Less Is More & the Mythical Man-Month
- Brooks’ Law applies to agents: adding more agents to a task doesn’t scale linearly because each agent’s output enters other agents’
context windows as tokens, distorting the field and compounding noise. - Sequential multi-agent tasks degrade for the same reason long single-agent tasks do — context pollution across agents.
Independent, scoped tasks with clear verifiers parallelize well; sequential handoffs don't. The bottleneck is coordination, not capability. - Brownfield is structurally harder than greenfield. Larger codebases produce larger
environments , more noise can enter the context window, and the field is harder to keep focused. Greenfield works because the environment is clean.
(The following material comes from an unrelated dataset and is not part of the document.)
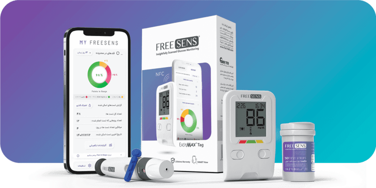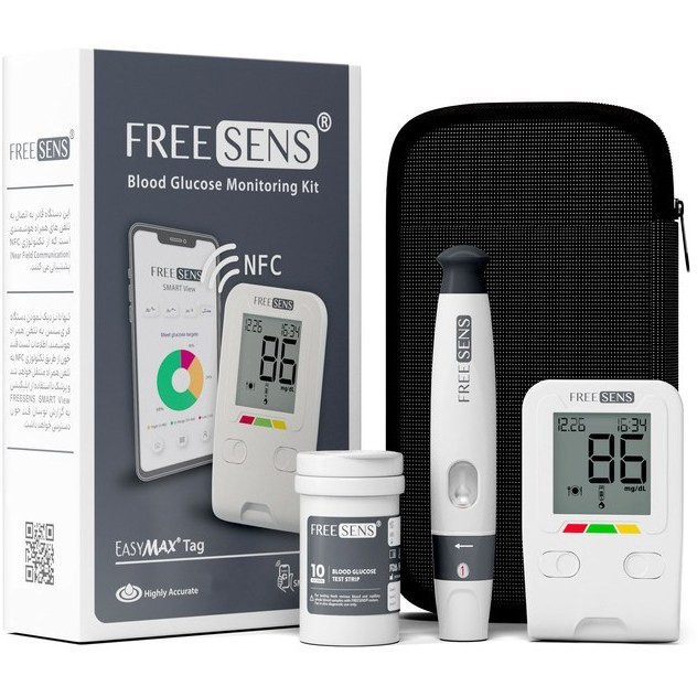 دستگاه قند خون فری سنس ساخت کجاست: دستگاه تست قند خون فری سنس با افتخار ساخت کشور ایران و از تولیدات شرکت فریر آسا طب است. این شرکت از سال ۱۳۸۵ دارای نمایندگی رسمی واردات تجهیزات پزشکی، آزمایشگاهی و داردوخانه ای از کشورهای مختلف است؛ علاوه بر واردات تجهیزات پزشکی، به تولید محصولاتی همچون دستگاه و نوار قند خون فری سنس نیز میپردازد. چرا دستگاه تست قندخون فری سنس بخریم؟ دستگاه تست قند خون فری سنس چیست؟دقت فراتر از انتظار با تکنولوژی های : اندازه گیری بدون خطا در زمان لرزش دست حجم خون ناکافی و خون دهی های متعدد. دامنه ی وسیع هماتوکریت ۱۰ تا ۶۵ درصد برای سنجش صحیح برای کلیه افراد حتی افراد با حساسیت ویژه مانند نوزادان،افراد باردار،افراد سیگاری و … بدون نیاز به کدگذاری برای پیشگیری از خطای کاربر. بدون تداخل با حداقل ۶۱ دارو و ترکیبات شایع موجود در خون. سنجــش بدون خطا در دماهای متفاوت اندازه گیری دقیق در نمونه گیری وریدی،مویرگی و شرایط کمبود اکسیژن خون. مشخصات دستگاه تست قند خون فری سنس – Blood Glucose Monitoring Kit FREESENS EM-TAG: دقت ۹۹% در اندازه گیری قند خون خون مورد نیاز ۰/۳ میکرولیتر حافظه داخلی برای ۵۰ نتیجه تست دارا بودن میانگین نتایج تست زمان پاسخگویی ۷ ثانیه قابلیت خاموشی خودکار قابلیت خون گیری از سایر نقاط بدن تست قند خون بدون درد دارا بودن نمایشگر تاریخ، ساعت، تعویض باتری باتری غیر قابل شارژ تکنولوژی NFC دستگاه قند چیست؟ این دستگاه FREESENS قادر به اتصال به تلفن های همراه هوشمندی است که از تکنولوژی NFC پشتیبانی می کنند . تنها با نزدیک نمودن این دستگاه به تلفن همراه خود اطلاعات تست قند از طریق تکنولوژی NFC به تلفن همراه منتقل می شود و پزشک با استفاده از اپلیکیشن Freesend Smart View به گزارش نوسان قند خون دسترسی خواهد داشت . خصوصیات اپلیکیشن Freesens Smart View: ثبت جزئیات دقیق نمایش راحت و قابل فهم تمام رکورد های بیمار به همراه جزییاتی مانند تاریخ، ساعت و قبل یا بعد غذا بودن. ارائه آمار به صورت بازه های زمانی برای تحلیل بهتر و دقیق تر با امکان پرینت گزارش ها. گزارش کلی از وضعیت بیمار تحلیل رفتار بیمار و ارائه پیشنهادات برای تشویق و سوال از بیمار ارائه نمودار دایره ای برای تحلیل میزان بالا و پایین بودن قند در یک نگاه ارائه نمودار میله ای برای تحلیل رفتار بیمار در ساعت های مختلف روز نشان دادن افت قند های بیمار به صورت جداگانه برای تصمیم گیری بهتر گزارش دقیق از وضعیت بیمار ارائه گزارش کامل و دقیق از وضعیت تست های روزانه بیمار

If History Repeats Itself, Chaos May Follow
- Every technology that dramatically lowered the cost of producing something created a flood before institutions adapted.
The printing press produced pamphlet wars, heretical movements, and a theocratic commune before norms emerged around publishing. - Given that these are objective-chasing machines, there is so much chaos that can ensue if better engineering principles are not developed to use this technology safely.
The crabby-rathbun hit piece is a preview: a pamphlet war at the speed of API calls.
Rivers of Slop in Open Source
- Generation is cheap; review is expensive. The ratio is getting worse. Maintainers are the verifiers in a system that is producing orders of magnitude more output to verify.
- Projects are already drowning.
Godot is overwhelmed by AI contributions. curl shut down its bug bounty. GitHub added a kill switch for AI PRs. This is the search working as designed.
The Environment Is the Moat
- If the trained policy is opaque and roughly the same for everyone (everyone uses Claude, GPT, or Gemini), then competitive advantage shifts entirely to environment design.
- The teams that get better outcomes from agents won’t have better prompts — they’ll have better test suites, cleaner repos, tighter permissions, and stronger feedback loops.
- The agent is commodity. The
environment is the differentiator. “AI-first” means investing in everything around the agent, not in the agent itself.